20. The apparatus defined in any one of claims 17 to 19 includes at least one refractory outlet that introduces a flow of molten metal into the flow of coolant at the second flow velocity and in the first direction.

21. Apparatus as claimed in any one of claims 17 to 19, comprising a flow channel for the flow of coolant therethrough.

22. The apparatus of claim 21, including a ballast chamber having a coolant filled therein and a weir over which the coolant flows from the ballast chamber into the flow channel.

23. The apparatus of claim 21, wherein the launder has an initial region in which only coolant flows and a second region at the beginning of which a stream of molten metal is introduced into the coolant flow.

24. The apparatus defined in claim 21 includes means at the lower end of the launder for separating metal nuggets from the flow of coolant.
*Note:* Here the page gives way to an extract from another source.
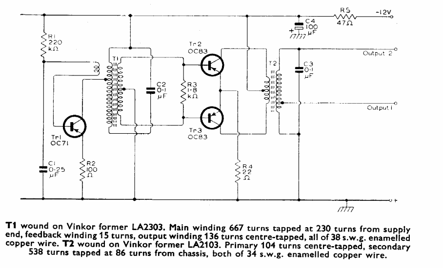 This circuit for equipment adjustment and diagnostics was found in a Mullard transistors manual from 1960. Information about the transformers is given with the diagram.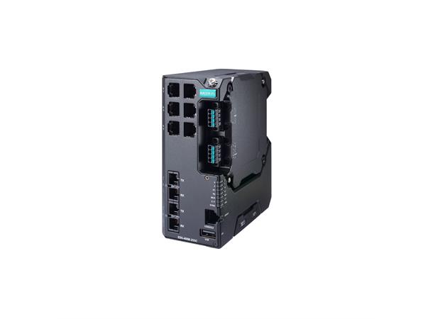 Managed Ethernet switch with 6 10/100BaseT(X) ports, 2 100BaseFX single-mode ports with SC connectors, dual power inputs 12/24/48 VDC, -40 to 75°C operating temperature

25. The device of claim 21, wherein the channel radius of the flow cell is between 50mm and 100 mm.

26. The device of claim 21, wherein the draft angle of the trough is between 1: 7 and 1: 13.

27. The apparatus of claim 21, wherein the flow rate of the coolant stream is 10 to 25 liters per second per launder channel.

28. The apparatus of claim 21, wherein the flow rate of the molten metal stream is from 1.5 to 2.5 kg per second per launder channel.

29. Apparatus according to any one of claims 17 to 19, wherein the ratio of the flow rate of the stream of molten metal to the flow rate of the stream of coolant is between 1: 5 and 1: 15 for high volume production.

30. The apparatus of claim 29, wherein the ratio is about 1: 10.

31. Apparatus according to any one of claims 17 to 19, including means for separating the slug from the coolant.

32. An apparatus according to claim 31, including means for at least partially drying the slug.

33. The apparatus of claim 31 including means for at least partially cooling the metal block.

34. Apparatus for producing metal nuggets comprising an inclined launder, means for feeding a coolant fluid into said launder from the upper end of said launder, means for introducing a stream of molten metal into the coolant fluid in the launder in the same direction as the flow of said cooling fluid, the difference between the flow rate of the molten metal stream and the flow rate of the coolant stream being less than 5 metres per second, and means at the lower end of said launder for separating the metal nuggets from said coolant fluid.